### Exercise description
Show, in full, each line of the data that contains "المحاكم".

(Records begins)

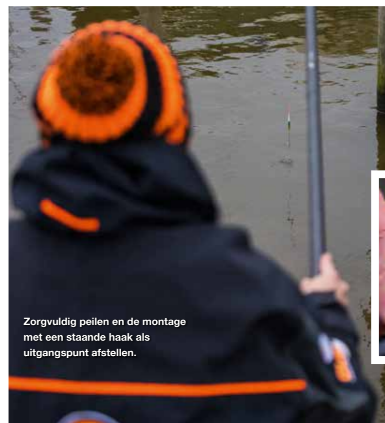
Zorgvuldig peilen en de montage met een staande haak als uitgangspunt afstellen.

Bij deze visserij is het belangrijk om de dobber exact 'staande haak' uit te peilen
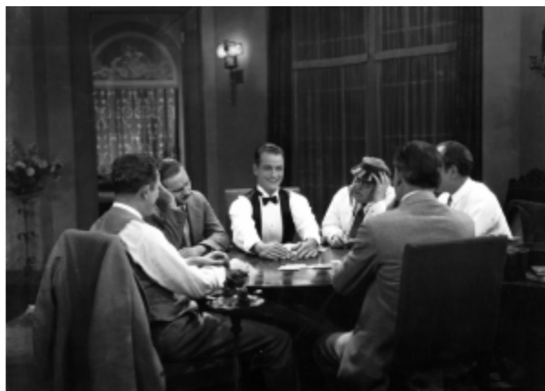
What Happened to Jones?

POUR TÉLÉCHARGER TOUTE LA PROGRAMMATION CLIQUER CI-DESSOUS TÉLÉCHARGER >
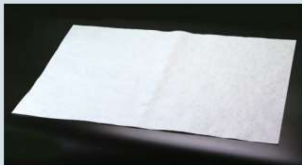
※名入れも承ります。別途お見積りいたします。

■ 抗菌加工製品の抗菌効果は、「JIS Z 2801」において抗菌活性値が2.0以上とすると定められています。
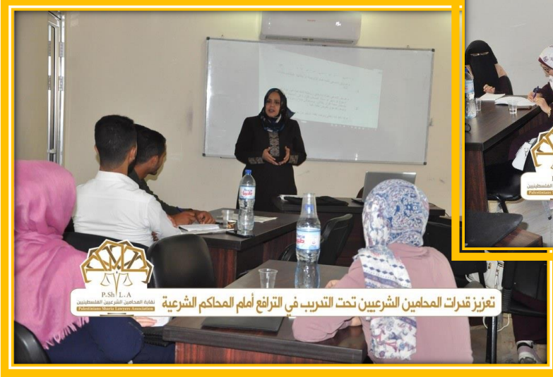
تعزيز قدرات المحامين الشرعيين تحت التدريب في الترافع أمام المحاكم الشرعية

محاضرة من سلسلة محاضرات لجنة التدريب بهدف تعزيز قدرات المحامين الشرعيين تحت التدريب في الترافع أمام المحاكم الشرعية (تحت عنوان دعاوي النفقات بين النظرية والتطبيق).
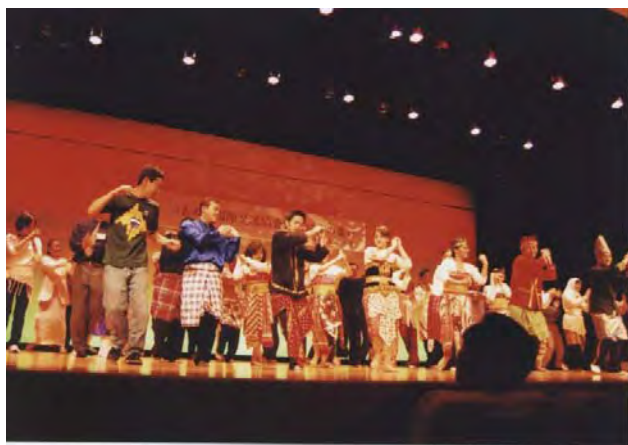
会場が一体となったポチョポチョダンス

5月26日 大和町さわらびホール たくさんの留学生が参加して、国際色豊かな集まり になりました。

(Records ends)

### Exercise solution
تعزيز قدرات المحامين الشرعيين تحت التدريب في الترافع أمام المحاكم الشرعية
محاضرة من سلسلة محاضرات لجنة التدريب بهدف تعزيز قدرات المحامين الشرعيين تحت التدريب في الترافع أمام المحاكم الشرعية (تحت عنوان دعاوي النفقات بين النظرية والتطبيق).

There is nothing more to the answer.